[Libre-soc-isa] [Bug 1056] questions and feedback (v2) on OPF RFC ls010

[bugzilla-daemon at libre-soc.org]

https://bugs.libre-soc.org/show_bug.cgi?id=1056

--- Comment #38 from Luke Kenneth Casson Leighton <lkcl at lkcl.net> ---
(In reply to Paul Mackerras from comment #33)
> (In reply to Jacob Lifshay from comment #31)
> > 
> > it is required in hardware that supports both endians since the byte
> > reversal hardware is what changes wether little-endian or big-endian element
> > indexing is used, by byte reversing inputs/outputs of operations (or any
> > logically equivalent method that is likely much more efficient).
> > 
> > e.g., assuming your endian proposal with VL=4 r3=0x0123_4567_89ab_cdef
> > sv.ori/sw=8/dw=16 *r3, *r3, 0
> > in LE mode produces:
> > r3=0x0089_00ab_00cd_00ef
> > in BE mode produces:
> > r3=0x0001_0023_0045_0067
> 
> Interesting example. I'll have to think about how I would implement that.

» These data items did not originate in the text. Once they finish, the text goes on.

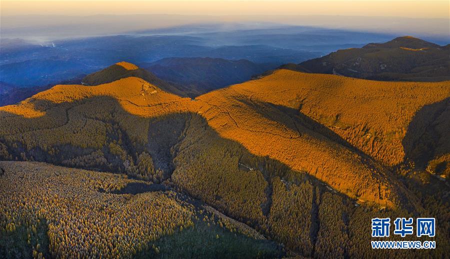 朝霞映照下的好地方林場(10月8日無人機拍攝)。新華社記者陶明攝
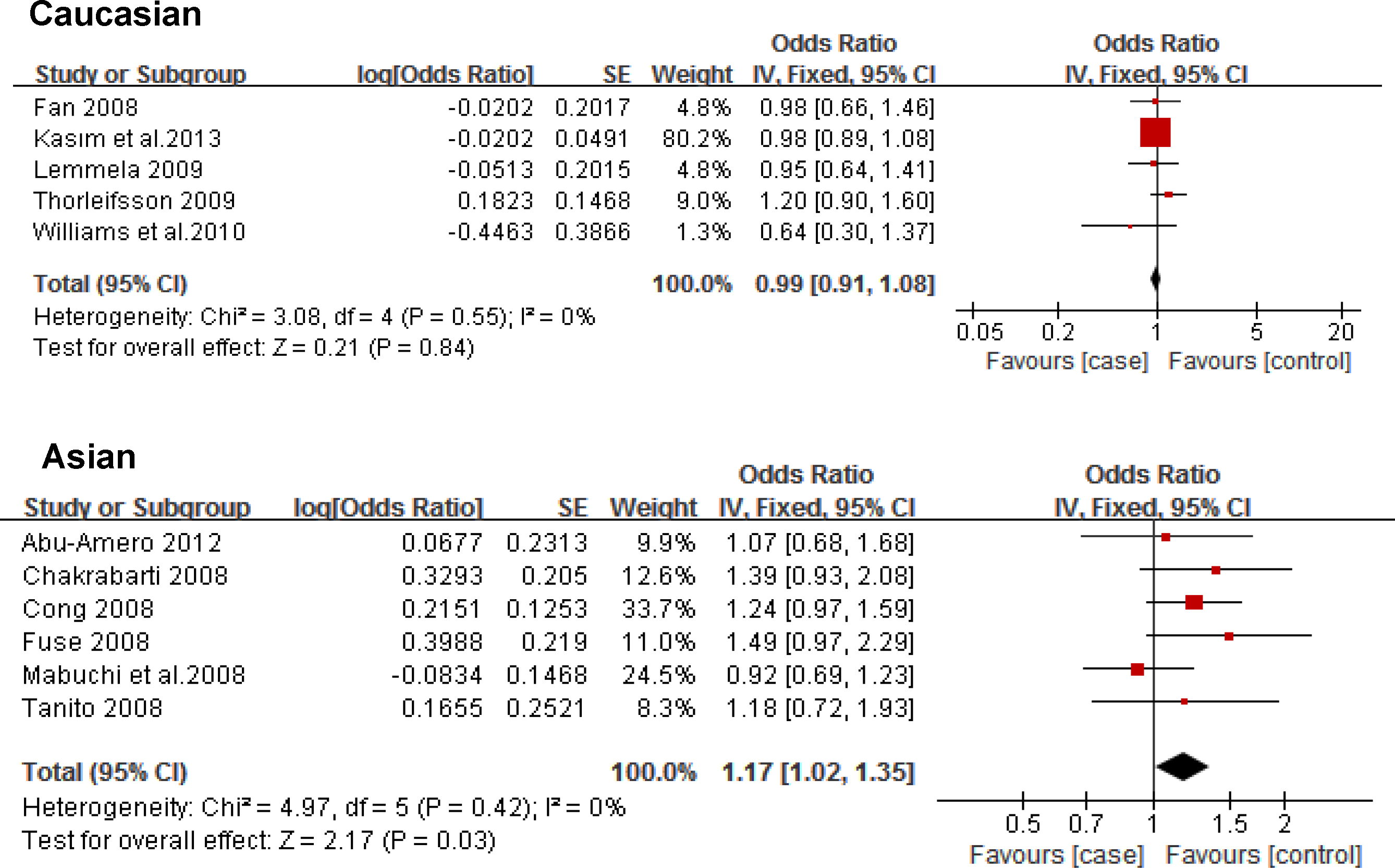 rs1048661 in the Caucasian and Asian populations; the horizontal lines correspond to the study-specific OR and 95% CI, respectively.
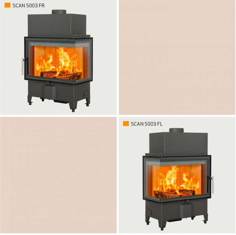 Pour une meilleure vue sur les flammes, optez pour le foyer à bois Scan 5003 et sa vitre latérale à droite ou à gauche.

the key bit about the example jacob gives is, the source and destination
widths are different but obviously having full crossbars to SIMD ALUs
in front of regfiles may be far too many gates for some implementations
to handle.

therefore it is noted in the spec that "some implementations may be
slower if the source and dest elwidths are not the same" 

> Ignoring BE for the moment, what kind of structure do you have in your
> design for handling this kind of source/destination width mismatch? Is it
> something like a bunch of multiplexers ahead of the ALU, or is there a more
> clever way to do it?

i was planning 4 (or 8) lanes of *completely independent* ALUs, on Modulo-4
or Modulo-8.  this may or may not be before or after Register-Renaming.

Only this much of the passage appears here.